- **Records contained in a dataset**
*****
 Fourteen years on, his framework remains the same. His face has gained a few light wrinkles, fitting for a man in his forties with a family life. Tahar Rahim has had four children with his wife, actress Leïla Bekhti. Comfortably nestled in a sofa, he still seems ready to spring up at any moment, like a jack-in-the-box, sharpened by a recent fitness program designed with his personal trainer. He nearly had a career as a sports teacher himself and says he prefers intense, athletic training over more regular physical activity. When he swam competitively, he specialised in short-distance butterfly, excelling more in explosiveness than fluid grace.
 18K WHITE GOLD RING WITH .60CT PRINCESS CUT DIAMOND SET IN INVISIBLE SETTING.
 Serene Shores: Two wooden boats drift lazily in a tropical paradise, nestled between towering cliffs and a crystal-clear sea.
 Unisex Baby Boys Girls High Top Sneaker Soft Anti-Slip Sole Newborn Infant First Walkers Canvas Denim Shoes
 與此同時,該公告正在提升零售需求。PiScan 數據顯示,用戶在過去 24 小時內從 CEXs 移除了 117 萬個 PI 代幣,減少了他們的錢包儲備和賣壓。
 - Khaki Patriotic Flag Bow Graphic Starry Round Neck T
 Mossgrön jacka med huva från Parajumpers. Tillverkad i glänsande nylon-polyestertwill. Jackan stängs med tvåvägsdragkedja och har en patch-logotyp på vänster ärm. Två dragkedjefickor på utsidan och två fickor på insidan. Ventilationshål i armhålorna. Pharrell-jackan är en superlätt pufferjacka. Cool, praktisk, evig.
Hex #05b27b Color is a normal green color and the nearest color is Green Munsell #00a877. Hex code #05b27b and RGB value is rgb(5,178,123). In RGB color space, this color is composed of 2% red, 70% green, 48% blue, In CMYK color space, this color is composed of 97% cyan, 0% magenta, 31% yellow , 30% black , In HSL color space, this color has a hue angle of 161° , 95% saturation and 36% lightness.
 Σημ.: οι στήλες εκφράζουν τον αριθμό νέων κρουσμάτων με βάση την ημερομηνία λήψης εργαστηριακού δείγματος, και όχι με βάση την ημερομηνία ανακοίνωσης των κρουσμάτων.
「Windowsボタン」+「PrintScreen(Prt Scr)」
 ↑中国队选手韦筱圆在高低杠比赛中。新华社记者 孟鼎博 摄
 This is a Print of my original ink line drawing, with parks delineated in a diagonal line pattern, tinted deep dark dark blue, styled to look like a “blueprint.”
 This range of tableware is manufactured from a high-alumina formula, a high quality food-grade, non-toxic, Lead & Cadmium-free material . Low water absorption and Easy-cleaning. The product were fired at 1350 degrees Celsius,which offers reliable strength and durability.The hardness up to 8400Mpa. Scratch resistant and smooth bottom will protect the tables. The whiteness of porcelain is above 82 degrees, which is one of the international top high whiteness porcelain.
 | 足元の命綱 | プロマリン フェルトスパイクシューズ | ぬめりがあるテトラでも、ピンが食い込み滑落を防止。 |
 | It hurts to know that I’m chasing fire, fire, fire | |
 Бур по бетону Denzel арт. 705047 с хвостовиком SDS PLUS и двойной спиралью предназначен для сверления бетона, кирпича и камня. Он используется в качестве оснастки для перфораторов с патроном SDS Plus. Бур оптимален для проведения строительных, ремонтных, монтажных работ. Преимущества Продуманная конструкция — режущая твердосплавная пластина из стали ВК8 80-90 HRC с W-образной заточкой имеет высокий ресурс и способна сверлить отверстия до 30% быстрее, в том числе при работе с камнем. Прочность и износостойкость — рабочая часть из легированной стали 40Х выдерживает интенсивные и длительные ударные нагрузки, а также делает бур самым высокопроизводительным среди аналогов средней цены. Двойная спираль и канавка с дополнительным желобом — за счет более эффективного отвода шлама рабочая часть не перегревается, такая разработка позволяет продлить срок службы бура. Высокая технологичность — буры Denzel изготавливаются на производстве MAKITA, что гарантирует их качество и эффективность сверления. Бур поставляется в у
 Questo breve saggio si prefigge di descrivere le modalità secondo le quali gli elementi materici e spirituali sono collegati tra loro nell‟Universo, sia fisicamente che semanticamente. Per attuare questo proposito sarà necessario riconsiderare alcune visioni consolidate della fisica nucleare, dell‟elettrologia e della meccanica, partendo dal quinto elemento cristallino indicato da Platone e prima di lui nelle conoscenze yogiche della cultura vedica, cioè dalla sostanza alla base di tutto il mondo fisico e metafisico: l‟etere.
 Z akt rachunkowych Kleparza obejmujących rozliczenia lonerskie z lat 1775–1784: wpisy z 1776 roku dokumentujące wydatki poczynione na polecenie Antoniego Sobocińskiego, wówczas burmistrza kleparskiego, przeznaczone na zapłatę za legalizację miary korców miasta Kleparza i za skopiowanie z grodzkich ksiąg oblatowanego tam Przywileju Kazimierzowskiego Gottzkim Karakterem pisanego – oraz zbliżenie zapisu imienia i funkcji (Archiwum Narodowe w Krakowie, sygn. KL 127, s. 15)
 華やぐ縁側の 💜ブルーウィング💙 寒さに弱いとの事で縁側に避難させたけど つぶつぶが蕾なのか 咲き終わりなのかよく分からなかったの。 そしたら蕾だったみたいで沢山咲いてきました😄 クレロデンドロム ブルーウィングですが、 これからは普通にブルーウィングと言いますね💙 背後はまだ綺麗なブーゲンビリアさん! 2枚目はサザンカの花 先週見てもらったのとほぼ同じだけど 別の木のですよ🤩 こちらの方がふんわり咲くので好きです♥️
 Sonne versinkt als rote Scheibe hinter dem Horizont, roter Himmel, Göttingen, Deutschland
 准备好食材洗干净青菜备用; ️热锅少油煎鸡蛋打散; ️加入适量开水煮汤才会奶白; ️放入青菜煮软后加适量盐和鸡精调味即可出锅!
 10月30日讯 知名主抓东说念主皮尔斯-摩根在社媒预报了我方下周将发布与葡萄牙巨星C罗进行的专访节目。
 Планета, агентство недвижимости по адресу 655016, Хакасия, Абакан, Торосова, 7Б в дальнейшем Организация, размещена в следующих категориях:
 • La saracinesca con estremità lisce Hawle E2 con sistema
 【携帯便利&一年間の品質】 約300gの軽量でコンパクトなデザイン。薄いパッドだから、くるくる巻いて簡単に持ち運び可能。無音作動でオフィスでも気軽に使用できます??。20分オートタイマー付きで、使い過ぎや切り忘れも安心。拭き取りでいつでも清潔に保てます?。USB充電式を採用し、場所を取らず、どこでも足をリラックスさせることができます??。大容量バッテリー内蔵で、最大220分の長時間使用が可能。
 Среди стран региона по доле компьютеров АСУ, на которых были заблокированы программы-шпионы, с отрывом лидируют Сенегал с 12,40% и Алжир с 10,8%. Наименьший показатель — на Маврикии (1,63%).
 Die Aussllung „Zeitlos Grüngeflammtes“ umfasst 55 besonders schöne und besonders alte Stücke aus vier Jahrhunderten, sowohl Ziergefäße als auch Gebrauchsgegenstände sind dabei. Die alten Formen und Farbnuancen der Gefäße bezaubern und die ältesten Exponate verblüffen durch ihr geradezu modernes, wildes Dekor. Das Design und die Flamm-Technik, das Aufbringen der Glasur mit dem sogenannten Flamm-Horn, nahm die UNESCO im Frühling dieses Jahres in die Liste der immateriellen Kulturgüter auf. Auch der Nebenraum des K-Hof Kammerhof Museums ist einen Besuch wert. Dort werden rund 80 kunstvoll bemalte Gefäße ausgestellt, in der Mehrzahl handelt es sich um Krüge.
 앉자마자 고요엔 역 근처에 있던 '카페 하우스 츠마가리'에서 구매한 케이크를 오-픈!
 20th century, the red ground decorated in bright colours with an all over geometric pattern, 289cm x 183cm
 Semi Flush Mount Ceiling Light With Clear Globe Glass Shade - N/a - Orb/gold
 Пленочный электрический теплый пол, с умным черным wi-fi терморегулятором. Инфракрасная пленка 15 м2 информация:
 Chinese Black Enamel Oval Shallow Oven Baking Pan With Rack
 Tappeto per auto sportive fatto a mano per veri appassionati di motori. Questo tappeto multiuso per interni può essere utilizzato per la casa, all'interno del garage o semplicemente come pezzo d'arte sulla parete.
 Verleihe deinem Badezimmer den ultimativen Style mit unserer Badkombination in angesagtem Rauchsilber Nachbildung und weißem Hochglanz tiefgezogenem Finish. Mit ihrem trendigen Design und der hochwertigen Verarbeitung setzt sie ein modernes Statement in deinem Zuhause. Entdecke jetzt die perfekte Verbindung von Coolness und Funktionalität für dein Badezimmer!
*****
- **Work instruction**
If a line in the data above holds the string "pattern", report that line.

- **Reply to the exercise**
 This is a Print of my original ink line drawing, with parks delineated in a diagonal line pattern, tinted deep dark dark blue, styled to look like a “blueprint.”
 20th century, the red ground decorated in bright colours with an all over geometric pattern, 289cm x 183cm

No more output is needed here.